Exercise set

Biomedical Signal Acquisition and Instrumentation Exercises

Worked biomedical engineering exercises for signal acquisition and instrumentation covering SNR, amplifier gain, ADC resolution, sampling, Wheatstone bridges, filtering, uncertainty budgets, leakage current, latency, photodiode front ends, and data integrity.

These exercises practise biomedical signal acquisition and instrumentation as a measurement-chain problem. They cover signal-to-noise ratio, analog front-end gain, ADC resolution, sampling, bridge sensors, filters, uncertainty budgets, leakage current, latency, photodiode circuits, and data integrity.

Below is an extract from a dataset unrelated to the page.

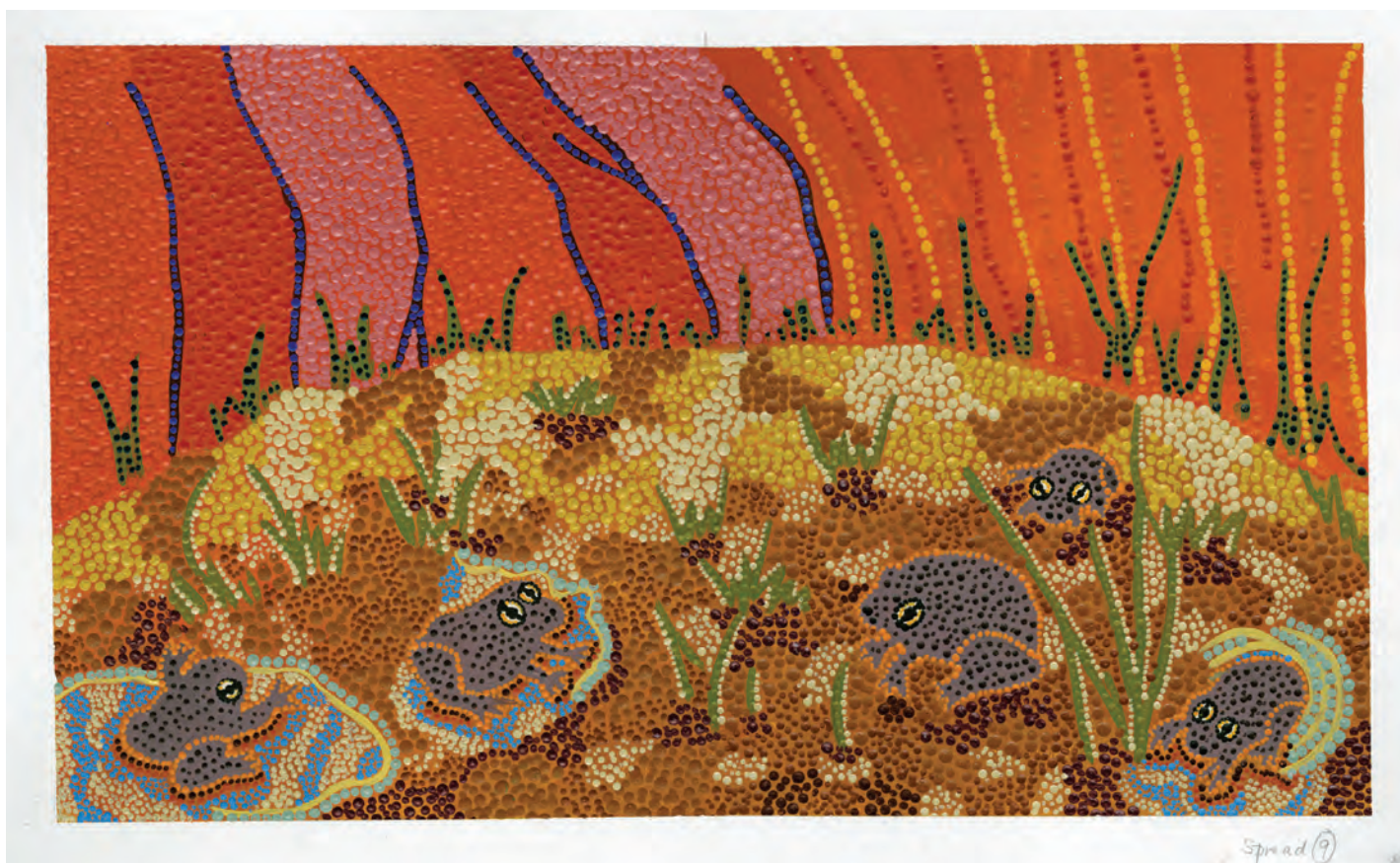
VALERIE BRUMBY Rain On The Rock 9 , 2024 51 × 73 cm Acrylic on Paper $2700

The goal is not only to calculate an electronics value. The goal is to decide whether a biomedical measurement remains meaningful after the transducer, body interface, analog front end, sampling, processing, safety controls, calibration, and clinical workflow all affect the result.

Assume simplified component behavior unless an exercise states otherwise. Real biomedical instrumentation should also check patient safety, isolation, EMC, motion artefacts, cleaning, sensor placement, software version, calibration state, temperature, humidity, accessory compatibility, data provenance, and validation against intended-use conditions.

How to Use These Exercises

For each instrumentation calculation, define:

  1. the measurand and physiological or biological source;
  2. the transducer and body interface;
  3. the analog front-end, sampling, and processing assumptions;
  4. the safety, uncertainty, and data-integrity limits;
  5. the validation evidence needed before the measurement can support a claim.

The common mistake is treating the sensor datasheet as the device evidence. Biomedical measurement quality is a system property.

Use each result as a measurement-chain screen. A gain, SNR, filter, sampling, leakage, or latency calculation supports engineering review only when the body interface, calibration state, data handling, and acceptance criterion are defined.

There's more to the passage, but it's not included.